(Arrahmah.com) – Siapa yang tidak mengenal kemuliaan Abu Bakar Ash-Shidiq? Ia adalah orang yang pertama kali masuk Islam dari kalangan orang dewasa. Ia orang yang pertama kali membenarkan berita Nabi shallallahu ‘alaihi wa salam tentang isra’ dan mi’raj. Ia orang yang menyertai beliau shallallahu ‘alaihi wa salam di gua saat hijrah ke Madinah. Ia orang yang mengikuti seluruh peperangan beliau shallallahu ‘alaihi wa salam. Ia mertua beliau shallallahu ‘alaihi wa salam dan khalifah sepeninggal beliau shallallahu ‘alaihi wa salam.

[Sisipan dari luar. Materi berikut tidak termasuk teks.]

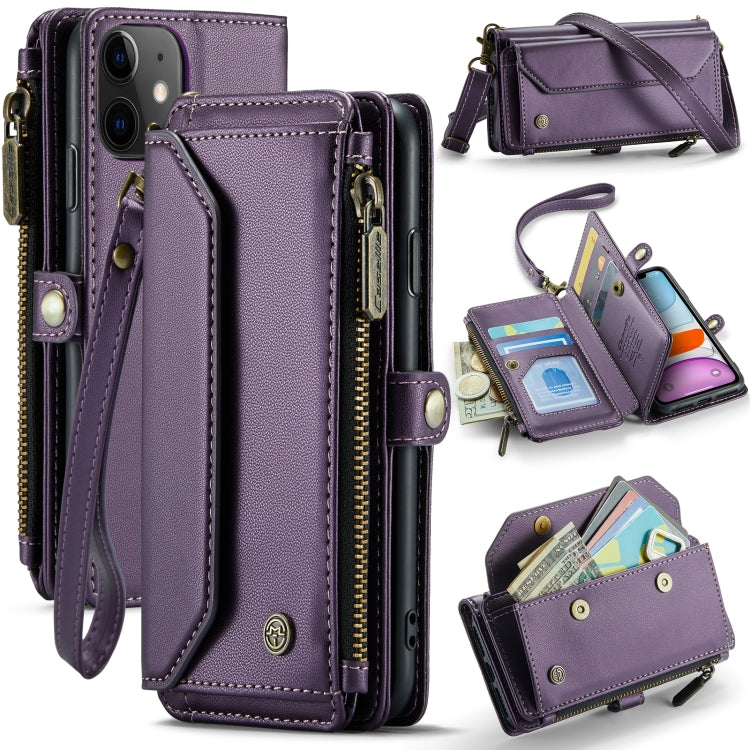 For iPhone 11 CaseMe C36 Card Slots Zipper Wallet RFID Anti-theft Leather Phone Case(Purple)
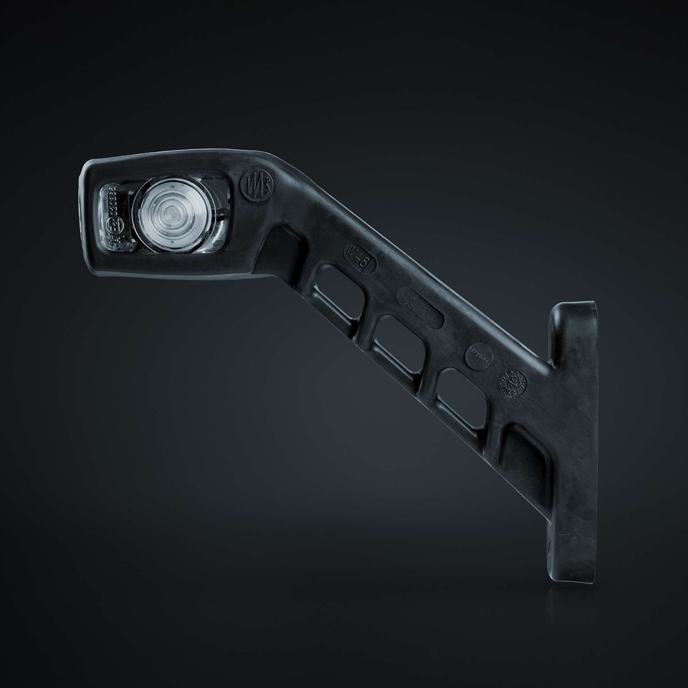 Lang gummiarm (højre) med positionslys og sidemarkering. Armen er let at montere og har klart glas, der giver en flot finish. Et »alt-i-ét-Alternativ«, der bringer kvalitet og enkelhed med sig.Produktblad

Keluhuran Abu Bakar Ash-Shidiq diakui oleh seluruh bangsa Arab dan kaum muslimin. Kemuliaan nasab, ilmu dan amalnya tidak ada yang meragukan. Ia telah mempertaruhkan harta, tenaga, pikiran dan nyawanya demi menegakkan kalimat Allah di muka bumi. Meski demikian, ia dikenal luas sebagai seorang yang rendah hati, penyabar, pemaaf dan santun.

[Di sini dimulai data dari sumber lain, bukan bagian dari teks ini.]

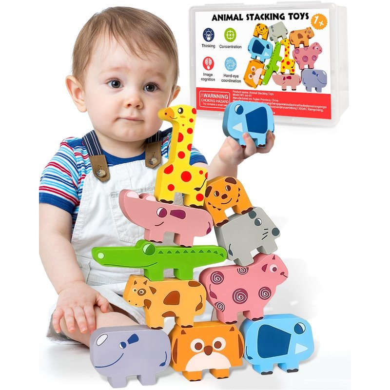 Montessori Toys for 1 2 3 4 Year Old Boys Girls, Toddler Toys Age 2-4, 1 2 3 4 Year Old Girl Boy Birthday Gifts, 10 pack Wooden Animal Blocks Sorting & Stacking Education Toddler Puzzles Toys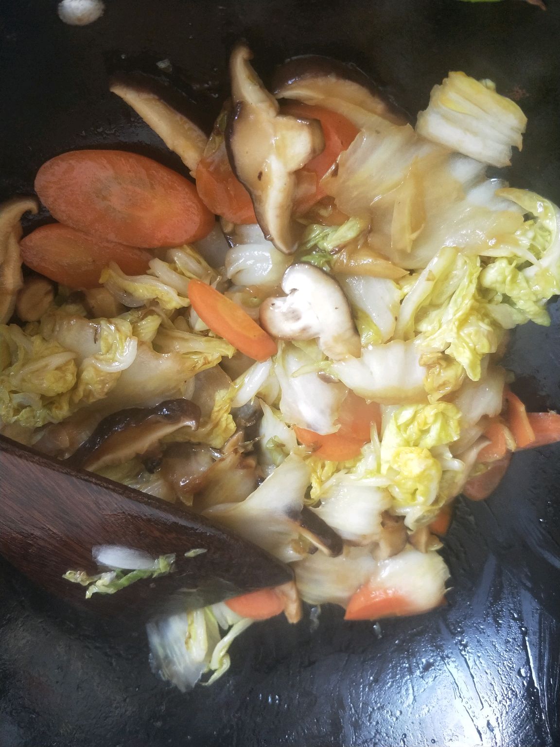 步骤3、最后放香菇,放入盐,白菜本身会出水,好熟的白菜不用格外加水了,如果白菜不好熟可少加一点水!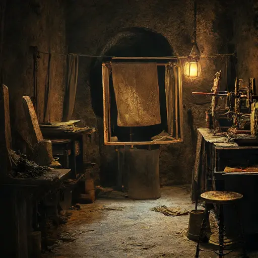 The vault hums with a subdued, papery quiet. The hanging lamp’s wick has burned to a nub, staining the ceiling with a smoke blossom. A quire of folded signatures lies splayed open, thread dangling as though mid-stitch.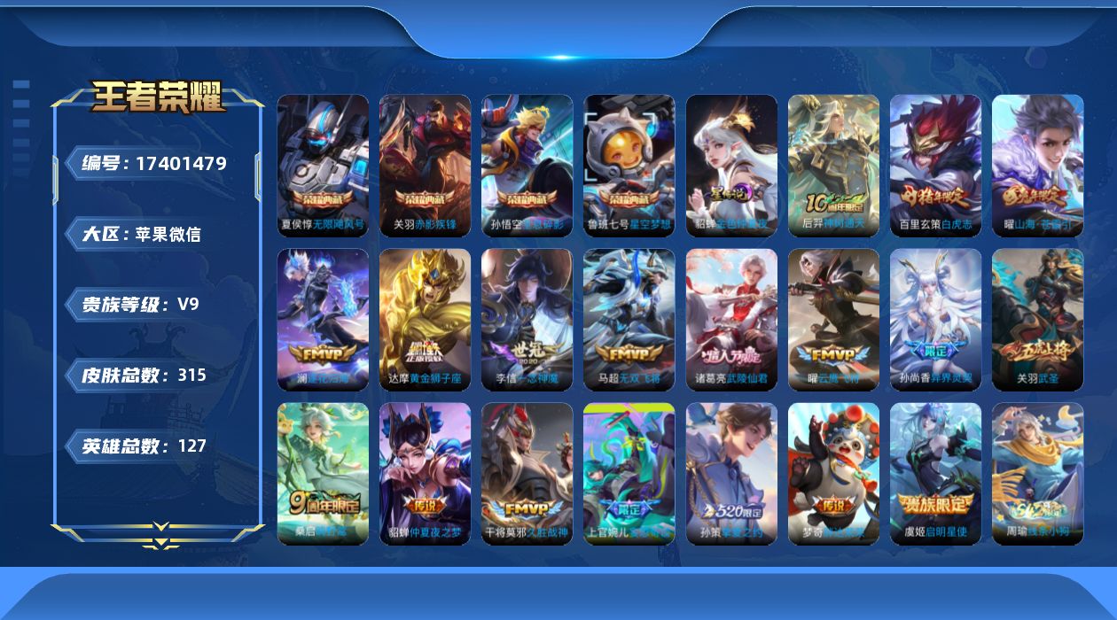 [17401479]苹果WX-V9-最强王者段位-127英雄-315皮肤-4典藏皮肤-18传说-99史诗-1星传

Dikisahkan oleh Rabi’ah bin Ka’ab bin Malik Al-Aslami bahwa Rasulullah shallallahu ‘alaihi wa salam memberikan jatah sebidang tanah untuk Abu Bakar As-Shidiq dan sebidang tanah lain di sebelahnya untuk pembantu beliau, Rabi’ah bin Ka’ab bin Malik Al-Aslami. Kedua bidang tanah yang bersebelahan itu adalah kebun kurma yang sangat subur, berasal dari harta rampasan dalam perang melawan Yahudi Bani Nadhir.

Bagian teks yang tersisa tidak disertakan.